I'm Here To Pump…You…Up…

DumbellWhen I think of steroids, Hans and Franz comes to mind first. Then a guy that I knew in school who took steroids to make himself supposedly look like a better bodybuilder, but only made him look like a complete jerk. Then the whole discussion of steroids and diabetes…

And then I’m dizzy.

I’ve always been a “no way am I going to take steroids!” because I don’t want to deal with the “just how much insulin will I have to take to keep my blood sugars within a normal range” factor. I even refused steroids after the birth of my daughter because I wanted to bask in the glow of her rather than my insulin pump light.
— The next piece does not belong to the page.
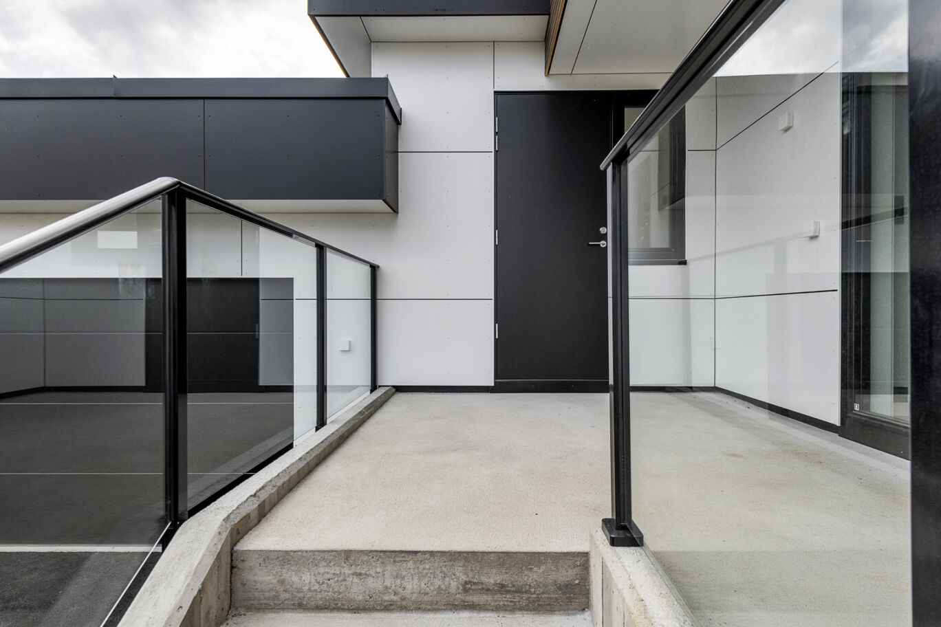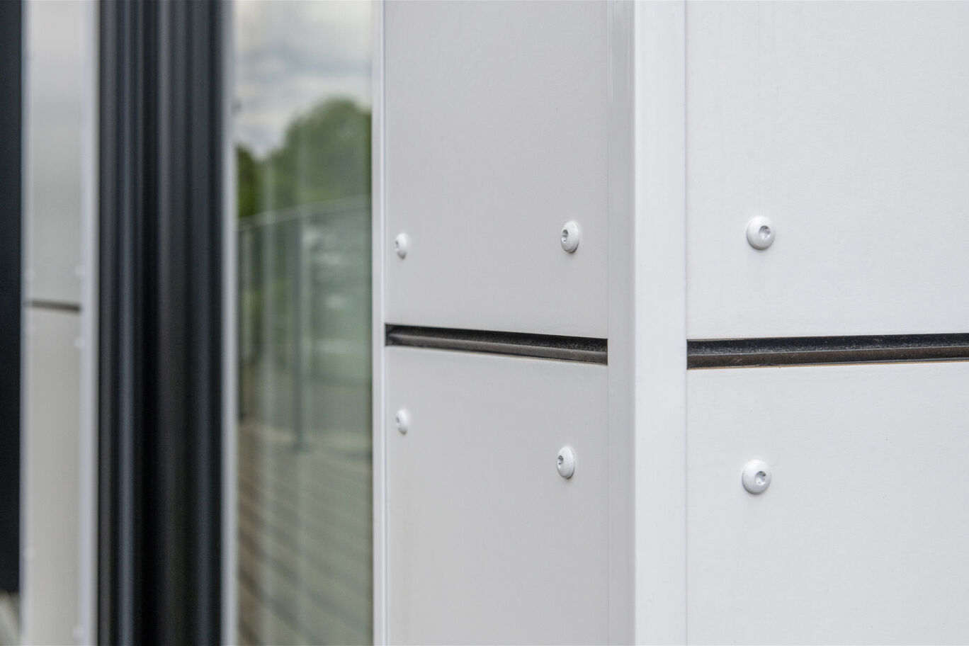 I tæt samarbejde mellem bygherre, entreprenør og arkitekter blev projektet planlagt med fokus på kvalitet og funktion. Facaden blev udført med Rockpanel Colours (RAL 9003 og RAL 9005), som giver et moderne, minimalistisk og tidløst udtryk. De hvide og sorte plader blev kombineret med en varm træbeklædning på husets øverste etage for at skabe balance og harmoni i designet.

But I changed my mind last week. Here’s why:

My shoulder still hurts. Stupid frozen shoulder. Adhesive capsulitis. Whatever you want to call it. The manual manipulation under anesthesia and physical therapy worked for a while, but it’s back to being a constant ache and still wakes me up at night. A visit to a new PCP after moving to get non-narcotic (but still heavy) pain meds refilled was a bust (in more ways than one, but that’s another tale for another day), so I schlepped it over to a new orthopedist for a consult and advice.

He was sympathetic after examining me, even wincing a little himself when he cranked my arm a little too far and I yelped like a bichon frisé (That’s the epitome of yappy dog to me, so I apologize if you have one. They’re cute and adorable…and yappy.).
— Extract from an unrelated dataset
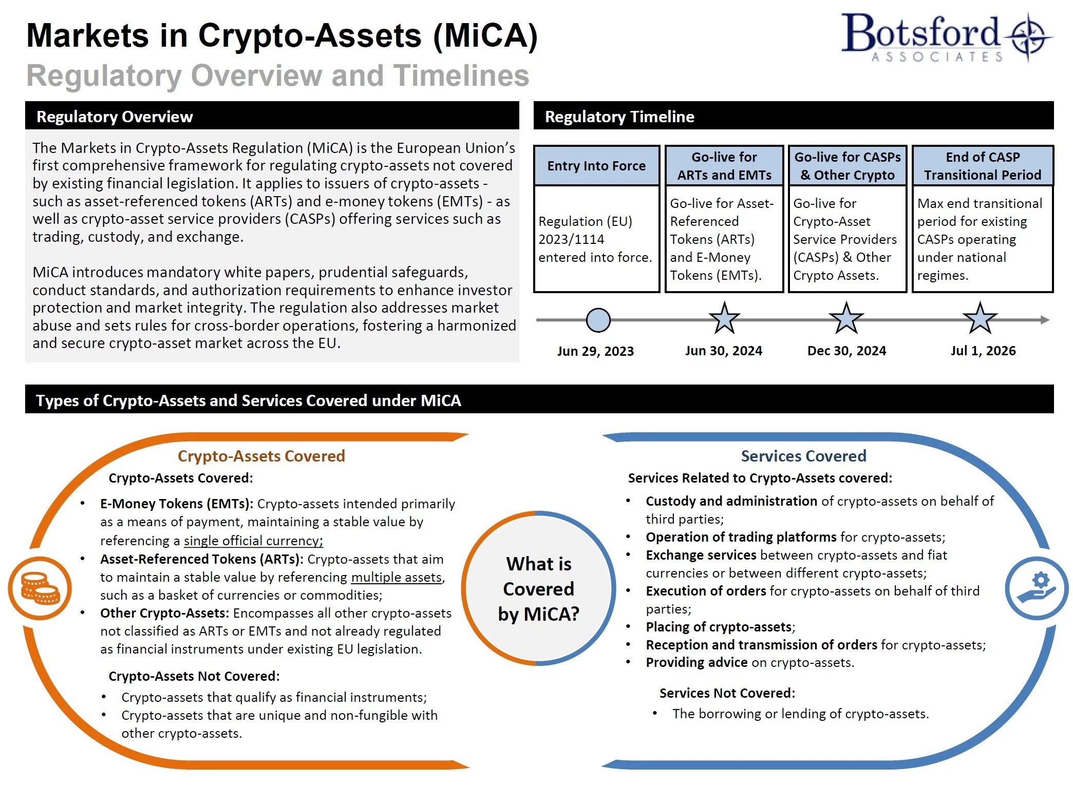 Regulatory Overview & Timeline, Types of Crypto-Assets and Services Covered under MiCA, Rules for Issuers of Crypto-Assets, Crypto-Asset Service Providers (CASPs) Regulatory Framework and Prevention of Market Abuse Involving Crypto-Assets

“Wow, I can’t believe you’ve been living like this,” he comments. (Super D-Girl, that’s me. The D obviously stands for dumb.)

“Yeah, well, I’ve been rationing out Tramadol at night to keep it from getting too bad, but I’m figuring that I’ll need physical therapy again.” I roll my eyes, because while I liked my last physical therapist, it’s a huge time suck going to PT. (Please don’t start the lecture on what’s important and taking the time to do this. I’ve already had that from at least three people…)

“Look, let me ask you a question. How controlled is your diabetes?”

I glance slyly around to see if I’m on camera. Will I win something with the right answer?

“It’s controlled, which is a subjective term.  Why?”

“I could give you a cortisone injection into your shoulder which will help with the pain and the inflammation. It won’t help with your blood sugars. You’ll need to do physical therapy and we’ll reassess in six weeks. If it doesn’t work, then it’s surgery and this time, I’ll go in and remove scar tissue.”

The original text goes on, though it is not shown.